[Data for processing]
- - - - -
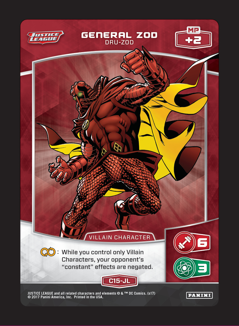 Short of KO’ing a Character outright, Zod brings one of the few effects in the game that answers a Continuous Effect (such as the above Darkseid). This lockdown effect is also one-sided, rather than symmetrical like John Constantine or Wonder Woman XR. However, taking advantage of this effect requires choosing from a more restricted pool of Characters.
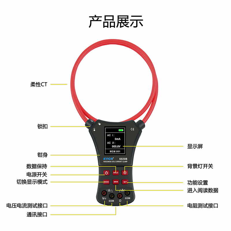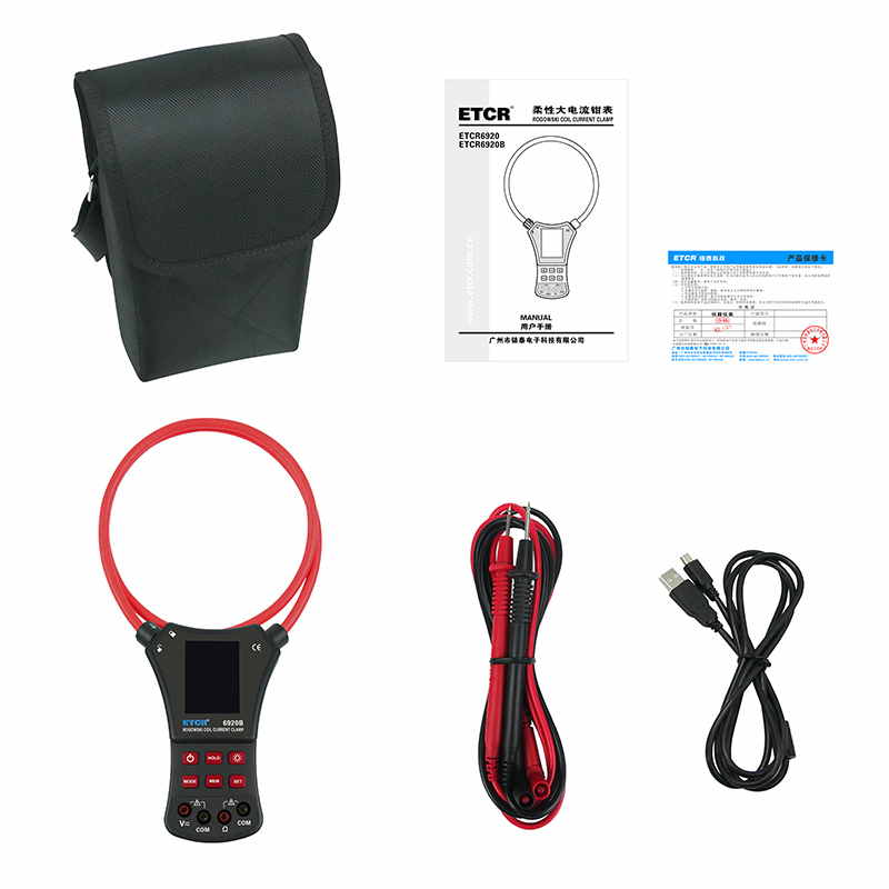 ETCR6920B柔性電流鉗表又名柔性線圈鉗表、超大電流鉗表、羅氏線圈電流鉗表、洛氏線圈電流鉗表,用于交流電流測試、電壓測試、電阻測試、通斷測試。柔性線圈無任何裸露金屬導體,體積小、重量輕、柔軟靈活,特別適合大尺寸導體、狹窄環(huán)境和排線密集的場所,可用于信號嚴重畸變的工業(yè)環(huán)境電流測試。廣泛適用于電力、通信、氣象、鐵路、油田、建筑、計量、科研教學單位、工礦企業(yè)等領(lǐng)域。
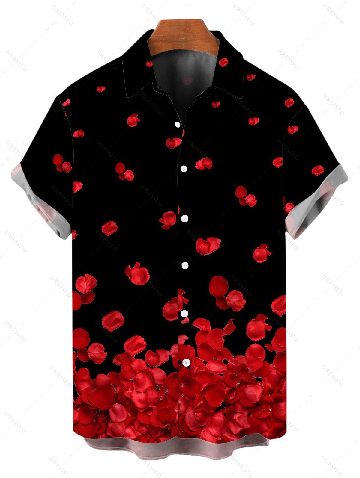 Chemise de vacances pour homme, chemise boutonnée à imprimé pétales de rose - Noir 5XL
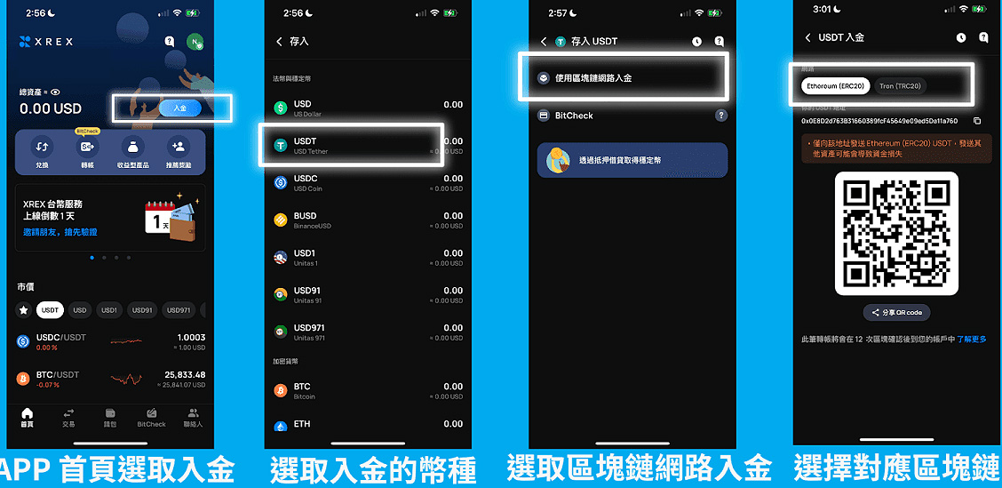 XREX支持三种主要入金方式:台币入金、美元入金和加密货币入金。其中,XREX是台湾少数支持美元入金的交易所。
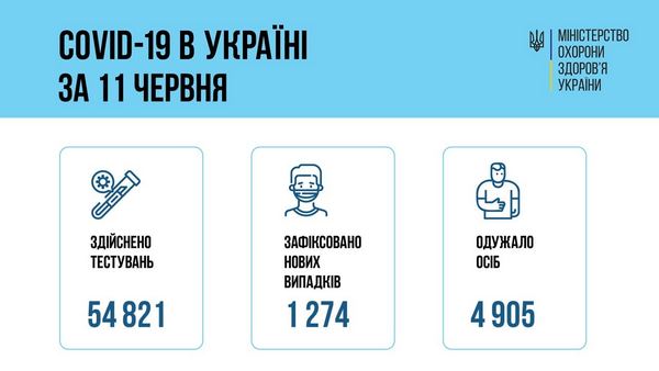 За минувшие сутки в Украине зафиксировано 1274 новых случаев заболевания COVID-19.
- - - - -
[The task] Leaving every picture out, please copy exactly the lines from the one holding "XREX支持三种主要入金方式" through the last line of the listing, both ends included.

[Answer space]
 XREX支持三种主要入金方式:台币入金、美元入金和加密货币入金。其中,XREX是台湾少数支持美元入金的交易所。
 За минувшие сутки в Украине зафиксировано 1274 новых случаев заболевания COVID-19.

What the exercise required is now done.